Some artists are the type with whom listeners grow comfortable. You throw their CD on and you know what you’re going to get. There is nothing wrong with that as long as the groove doesn’t become a rut. Then there are the risk takers. These are the artists for whom mastery of a certain style or genre stands as a signal that the time has come to try something totally different. Rolling with these performers will lead to a curvy and bumpy ride, and some fans exit with the artistic version of motion sickness as they mutter ‘I didn’t leave (insert artist’s name here), they left me.’ The fans that remain often find the trip to be very rewarding. Still, the life of an artistic free spirit is a risky one.
Detroiter Inohs Sivad embraces that risk on her fourth studio album Fourward – a project that is 180 degrees opposite of much of her past output. She did hint at the kind of hard rock influences that characterize Fourward on her previous project, No Goodbyes. Still, Sivad goes deep into rock territory on Fourward. That album includes tracks the rock/blues tune “Glass,” where she admonishes those who judge others without possessing the self-awareness to make sure their stuff is together. The cut that features an absolutely luscious hook, “You can’t walk on water/you can’t split the sea/you can’t move a mountain/So why you judging me?”
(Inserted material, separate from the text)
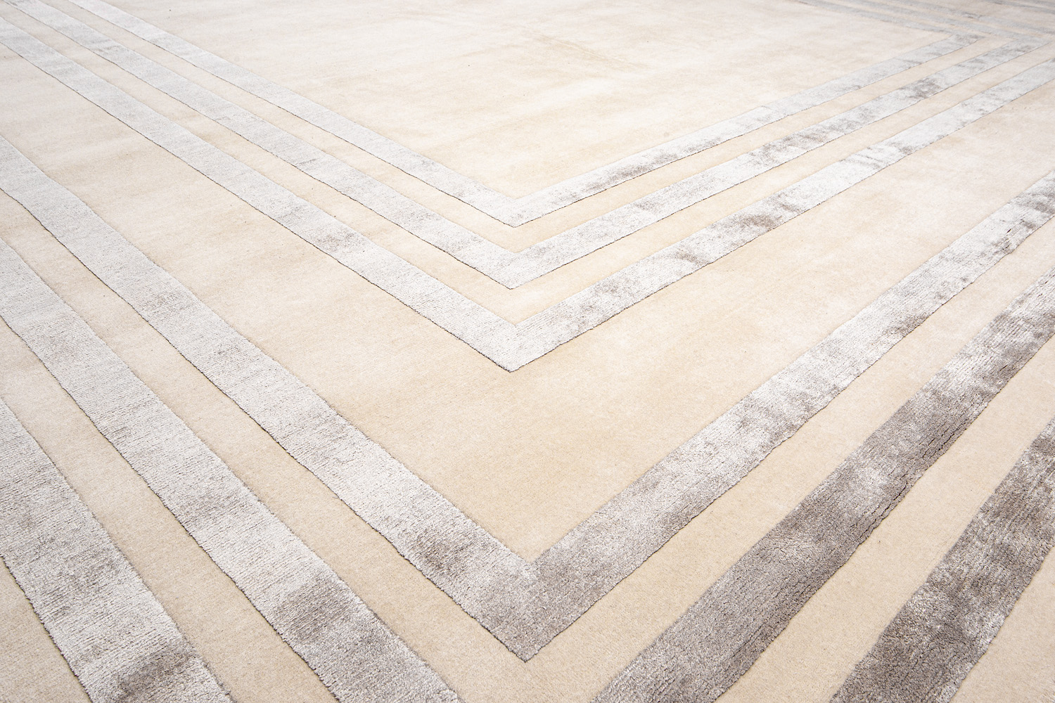 Крупные рисунки в виде линий и фигур на фактурной поверхности ковра превращаются в выразительные композиции. Они акцентируют на себе внимание и добавляют динамики в современный интерьер. Комбинации разных фигур и повторяющийся орнамент задают ритмическую основу пространству, привносят в него оригинальные оптические иллюзии.
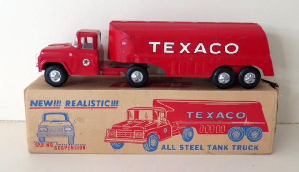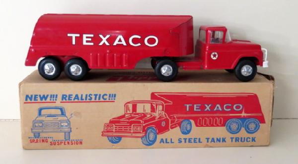 later version of the Texaco Tanker, toy is very nice, rates 95% or better, box is missing one end flap, otherwise a good box too, no mirrors

Sivad always had a way of crafting songs that work both as motivational, life affirming anthems and as works of art, and she continues in that vein on tracks such as the funk/rock “Pearls,” the rock/folk “Epic” and the heavy metal influenced “Drive.” “Pearls” is a cautionary tale about the risks of sharing gifts and words of wisdom with those who might not appreciate them, while also imploring the listener not to allow the caution caused by betrayal to harden into bitterness and cynicism. “My heart is torn apart. I wonder where to start / Strange to see that the change starts with me / Give of myself or withhold? To give would free my soul.”
“Epic” is a cut with the theme of self-fulfillment. Sivad, always the master of metaphor – remember “Brown Eyed Susan” from Changes? – and on this track she casts the search for self-fulfillment as a fairy tale quest. “Gather your wishes/Climb your beanstalks/Wait for the kisses down the road you walk.” The hard charging “Drive” serves as Sivad’s invocation to stop hesitating and searching for outside motivation and take control, while “Spirit” is an up-tempo inspirational track that is sitting there and waiting for some sports team to use as their anthem.
Sivad had a hand in writing the lyrics for all of the songs with one notable exception – her deeply funky and rocking reimagining of “My Prerogative,” which is closer to the funk/rock of Funkadelic than the early New Jack Swing of Bobby Brown and Teddy Riley. It might not be everybody’s cup of tea, but Sivad figured that if she was going to cover the song she might as well make it her own.
Sivad includes three delicious slow jams for those who can’t handle those raucous guitars: “Burn” is an appropriately titled torch song that finds Sivad asking for the type of heated passion that matches her own. “Bridge” features a Latin tinged acoustic guitar and finds Sivad removing all doubt about the love she feels for her man, while “Over” will be balm for anyone seeking to purge themselves of any poisonous relationships.
Deus Christian brought the title track to Sivad because he wanted to push her music more fully into a direction where she had previously only dabbled. Such a push was risky, but it pays dividends throughout the entire album. The instrumentation more than measures up and Sivad and her co-writers craft lyrics that move far beyond the background. With Fourward, the ever-interesting Inos Sivad shows she can handle rock as effortlessly has she takes on the indie soul that had long been her bailiwick. It's a new ride for fans of her excellent past discography, but one that is absolutely worth taking. Highly Recommended.